Jude Law is currently playing Hamlet on the London stage, and he has requested a real human skull as a prop for the scene in which Hamlet addresses Yorick—Hamlet's former jester whose skull he comes across when speaking to a gravedigger. It's one of the most famous moments in the play. And it seems Law wanted a skull that had actually been populated by a soul, a brain, a mind. 

It makes sense to me where his request comes from as an actor. The production company was actually able to track one down through an anatomic-parts supplier in Salt Lake City, Utah. However, due to health codes in London, they will not be able to use the real skull and have to go back to a fake. 

But I think, as the director of this play, as soon as this move made such a media firestorm, you'd almost have to pull back and return to a fake skull anyway. 

Once word gets out that Law is using a real skull on stage, that's all anyone would be looking at during the speech.

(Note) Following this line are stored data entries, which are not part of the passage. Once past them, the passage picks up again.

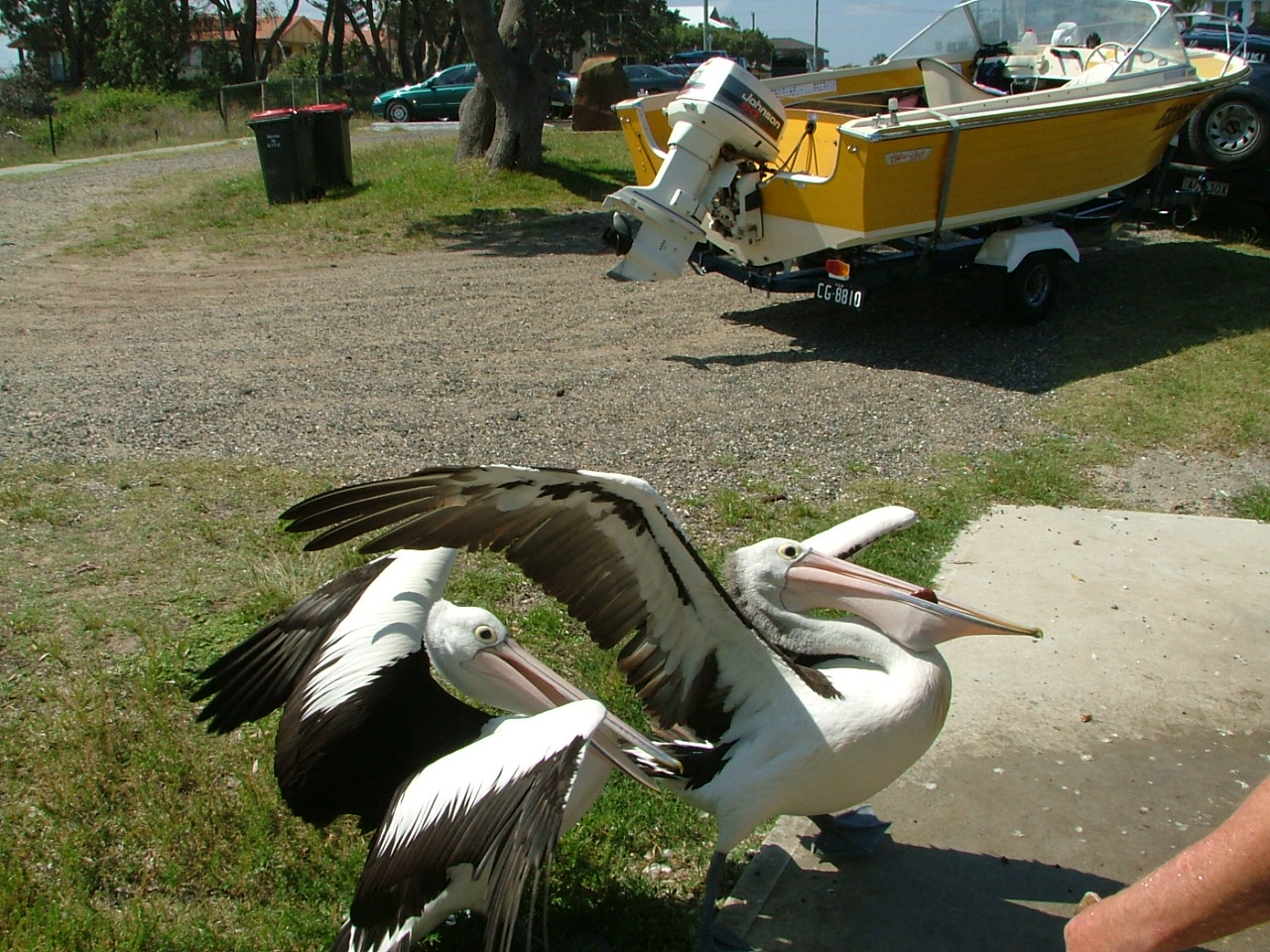 Pelicans feeding Harrington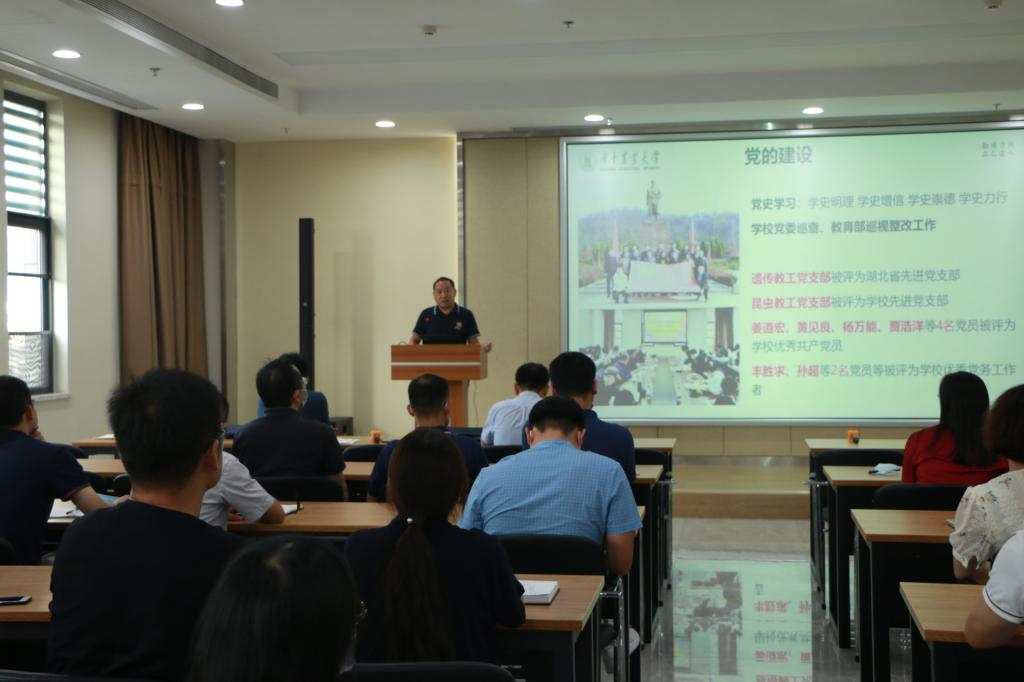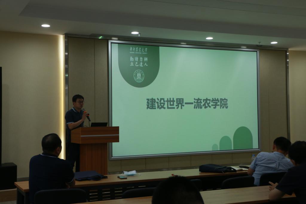 严建兵副董事长围绕“新时代农业高校立德树人使命与科技创新责任”为全院教师作报告。他引导全院教师应从科学和技术的角度、历史的角度、科学发展的角度、研究范式等理解当前我国所处在的“百年未有之大变局”。他表示,当前农科发展面临着诸多挑战,要围绕产业链布局创新链,创新体制机制。他以玉米团队为例,详细解剖团队过去10年发展的优势与不足,并提供了如何迎接新的挑战思路。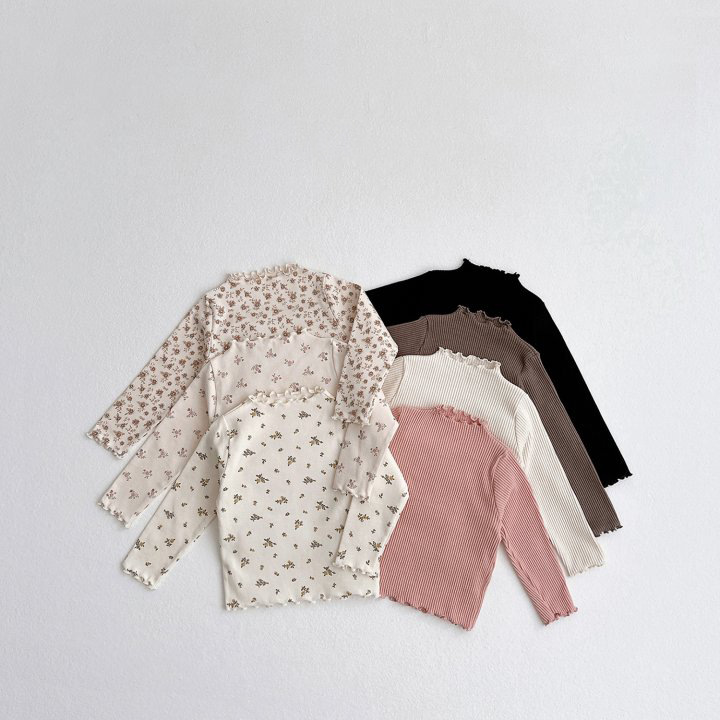 Girls' bottoming shirt Korean style children's clothing spring new children's clothing girls' striped small floral small turtleneck all-matching top
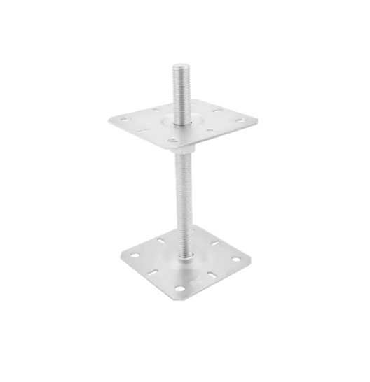 - Typ: Nastaviteľná pätka stĺpika so závitovou tyčou (napr. M20 alebo M24) a voľnou spodnou doskou.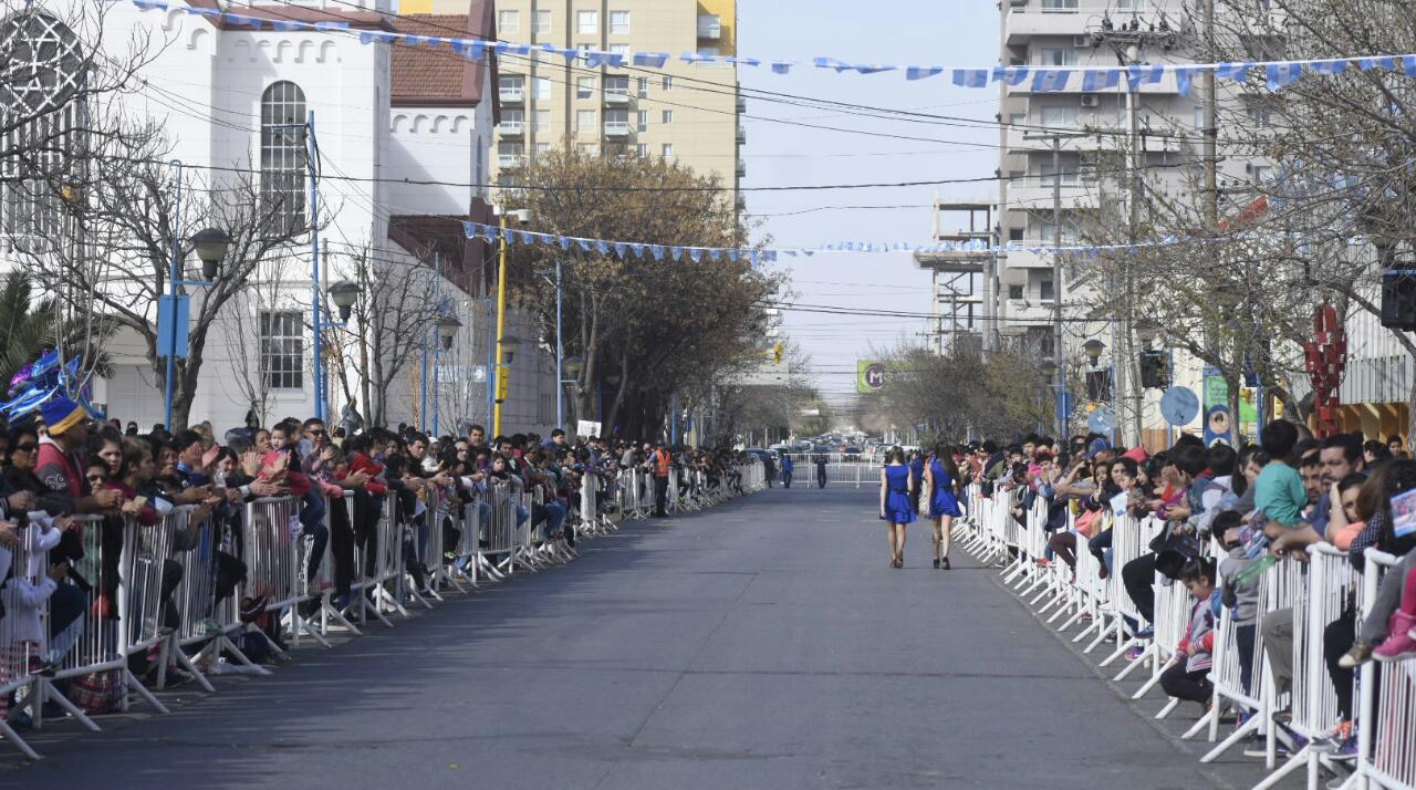 En medio de un alerta meteorológico por el viento, Roca celebra su aniversario con el tradicional desfile en pleno centro de la ciudad ante un buen marco de público.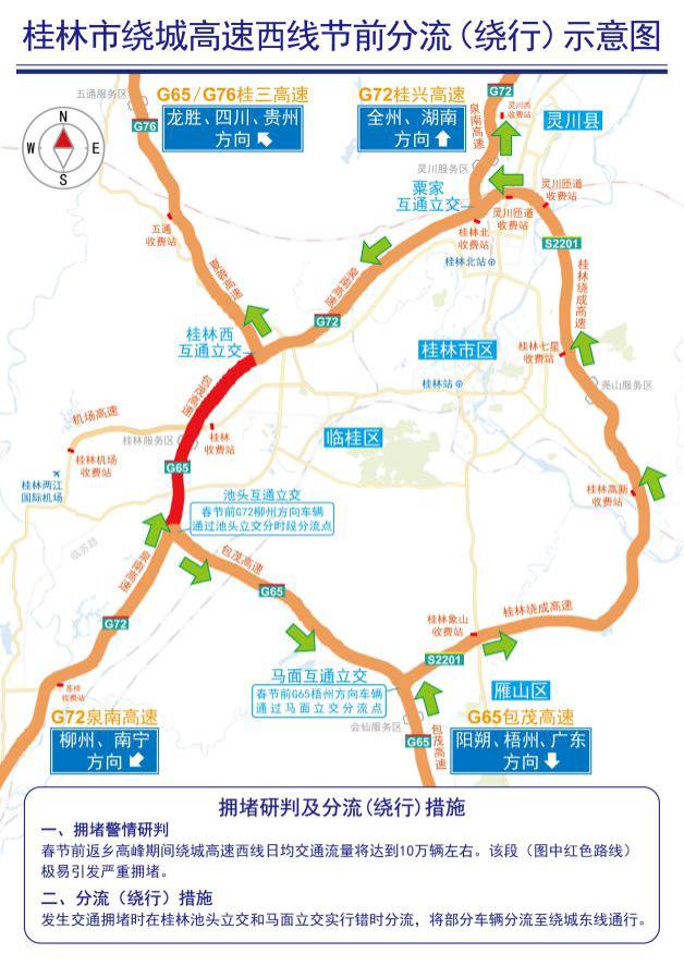由北往南拥堵时车辆分流路线:桂林西立交→粟家立交→桂林绕城东线。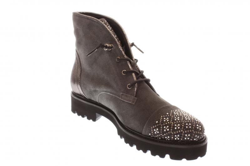 Eine modische Stiefelette von Gabor, die mit einer modernen dickeren, aber sehr leichten Sohle ausgestattet ist. Zusammen mit der bequemen Innensohle, läuft sich der Schuh sehr angenehm. Die mit Steinchen besetzte Spitze und Zunge bringt etwas Glamour in das modische Design. Der Gummizug sorgt für sehr gute Anpassung ans Bein.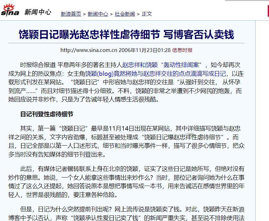 2004年,“赵忠祥数几年时间里一直和我保持着不正当关系,并且把我折磨的满身疾病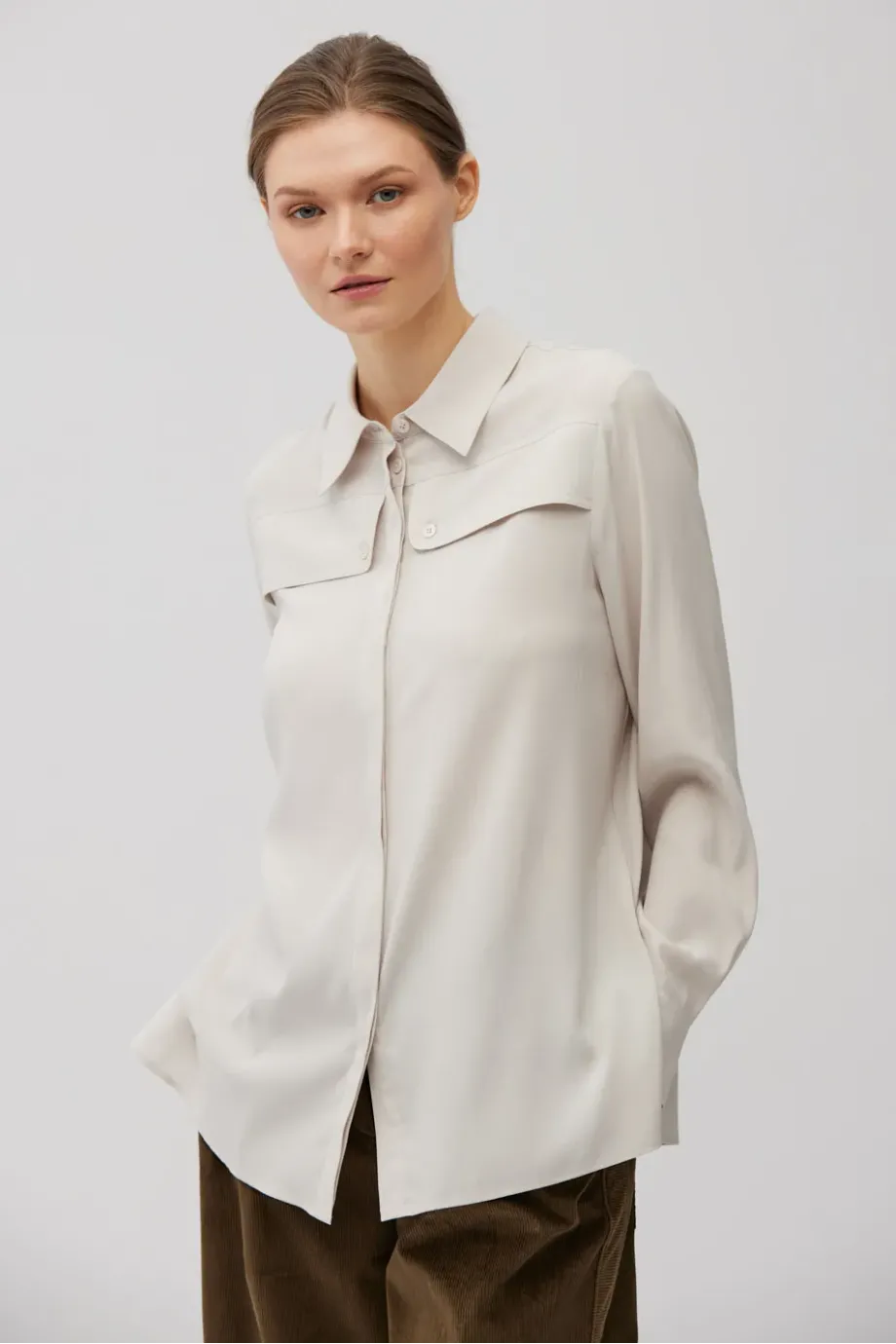 Seidenhemd. Lockerer Schnitt. Klassischer Kragen. Lange Ärmel mit Manschetten. Mit Knöpfen verschließbar. Beige Farbe.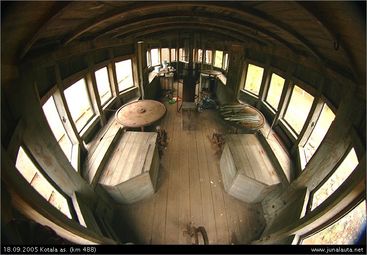 Kotalan auravaunun ulkopinnan maalaustoimet olivat vauhdissa syksyllä 2005, kuten sisältä löytyvistä maalipurkkipinoista voi havaita! :) |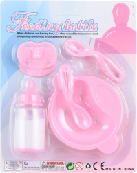 Set dodatkov za punčke, idealen za igre mame in hčerk, vsebuje stekleničko, dudko, krožniček in pribor. Popoln dodatek za vsako malo negovalko.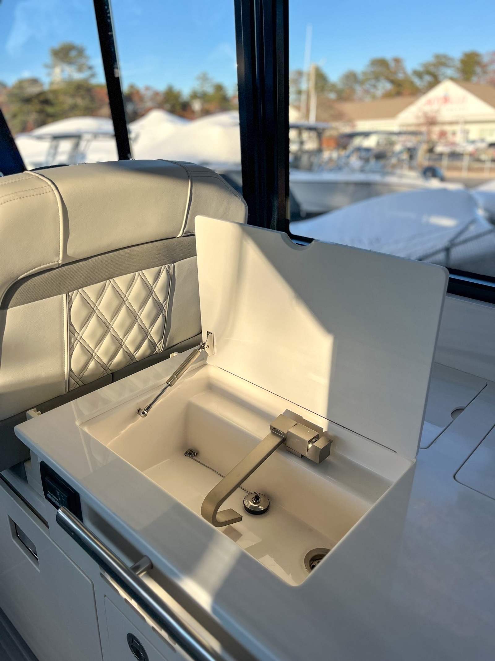 Powering the Regal 36 XO are twin Yamaha F450UCA2 engines, finished in striking white. Together, these engines deliver a robust 900 horsepower, ensuring exhilarating speed and smooth handling. Whether you’re cruising along the coast or venturing out for a day of exploration, the Regal 36 XO’s advanced propulsion system offers reliable performance and impressive maneuverability. The combination of twin engines and cutting-edge technology means you can expect a responsive ride, efficient fuel consumption, and the confidence to tackle a variety of water conditions.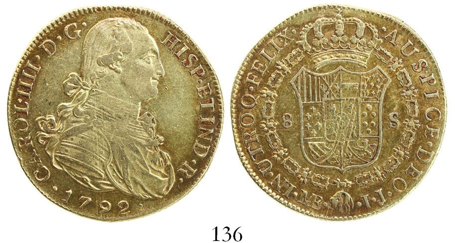 Lima, Peru, bust 8 escudos, Charles IV, 1792IJ.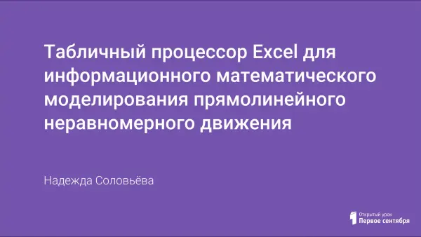 Урок развивает навыки моделирования, совершенствует навыки работы в электронных таблицах – построение диаграммы движения по таблице.

It would be completely distracting. Already this hoopla is going to pull away from the moment ... but with an actual human skull up there, audience members would be pulling out binoculars and craining their heads to see how real it looks and whether they can tell the difference between it and any old prop. 

And just for your enjoyment and because I'm a huge Shakespeare fan, here's my favorite Hamlet, Laurence Olivier, handling this very scene. 

Tuesday, June 2, 2009

PBR Coffin

This story was submitted by blog reader Leigh.

Bill Bramanti really loves his Pabst Blue Ribbon ... so much so that he has commissioned a casket that is wrapped with a faux PBR label

This is my favorite part: To celebrate his purchase, the 67-year-old filled the coffin with ice and used it as a cooler filled with, PBR, of course, and put on a party for his friends. (You can see this in the second photo.) 

Well, he's definitely got his own aesthetic, but at least Bramanti is planning for his own death, and he doesn't seem to have any fear of the end, serving up cans of beer in his PBR coffin.